In recent times, social media platforms such as Facebook, Twitter, Linkedin have gained a lot of popularity. They offer people the medium to connect with friends, family and colleagues, and express their opinions freely and. This leads to people expressing themselves a lot on these platforms. We can find opinions on almost any topic may it be sports, politics or movies. The researchers call this kind of data, the Big Data, characterized by “3V” which stands for Volume, Variety and Velocity. Some also refer to it as “5V” i.e. for Value and Veracity [1]. Analysis of these opinions in big data is referred to as opinion mining or stance detection.

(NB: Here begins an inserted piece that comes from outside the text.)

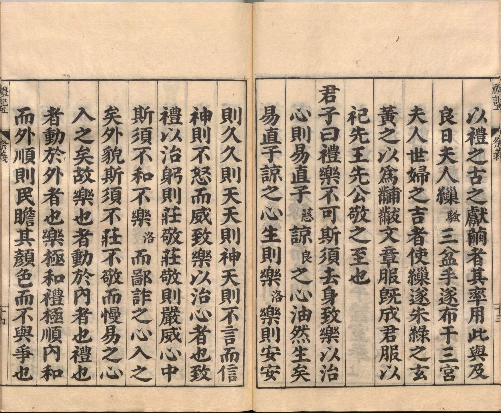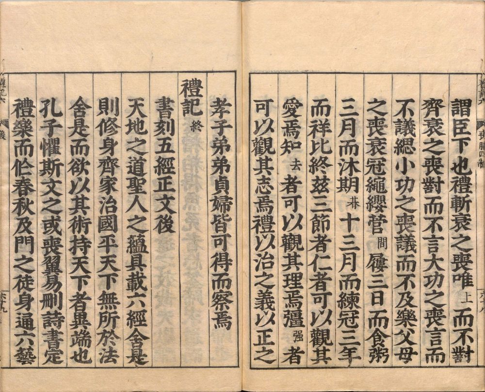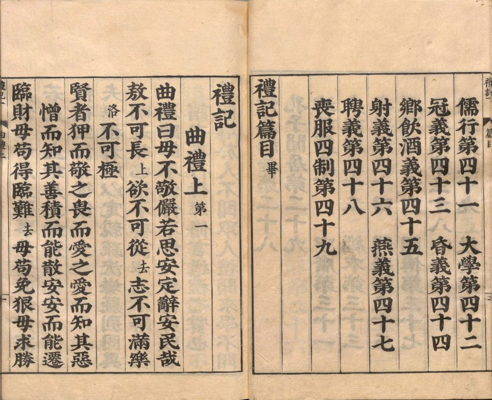《礼记》亦称《小戴礼记》,共 49 篇,是先秦到秦汉时期的礼学文献选编。最初为西汉的戴圣所纂,但非出于一时一人之手。戴圣本是今文《仪礼》博士,《仪礼》仅 17 篇,所记大多为士礼,故汉朝的儒家学者杂采当时能见到的各种文献以为己用。其内容较为驳杂,大致有记述礼节、记述政令、解释《仪礼》、记孔子言论、记述孔门及时人事、礼节考证、通论礼意或学术、记述制度、记述掌故、杂记等十种。东汉时郑玄为之作注,其文字较为通畅易读,流传较广。唐朝时取代《仪礼》的地位。

Stance detection is the task of automatically determining from text whether the author is in favor or against or is neutral towards a target. The target in this paper is ‘Notebandi’ or ‘Demonetisation’ which was implemented in India on 8th November, 2016 in which currency in the denominations of 500 and 1000 was declared invalid. The government claimed that this decision was taken to eliminate the use of counterfeit cash used to fund illegal activities and terrorism. People all over India had different reactions to this event and many of them used twitter to express their views. Consider the following tweet: ‘Demonetisation has caused a lot of problems for everyone’. We can say that the author if this tweet is most likely to be against the target demonetisation.

There have been several experiments in the field of opinion mining on social media and online texts [2],[3]. Opinion mining can provide a lot of information about the texts present in social media and can benefit many other tasks such as information retrieval, text summarization, etc.

Code-mixing is the conversion of one language to another within the same utterance or in the same oral or written text [4]. This phenomenon is generally intra-sentential. and is common in multilingual societies. With 41% of the Indian population speaking Hindi and English as the lingua franca of India, English-Hindi is the most commonly used code-mixed language pair on social media. An example of an English-Hindi code-mixed sentence is: ‘Dear sir Lagta hai bina tayari ka notebandi hua hai 2000 ka note ka size kam nahi karna chahiye’. This sentence contains words in English such as ‘Dear’, ‘sir’ and words in Hindi such as ‘hai’, ‘bina’, etc. which are transliterated to English.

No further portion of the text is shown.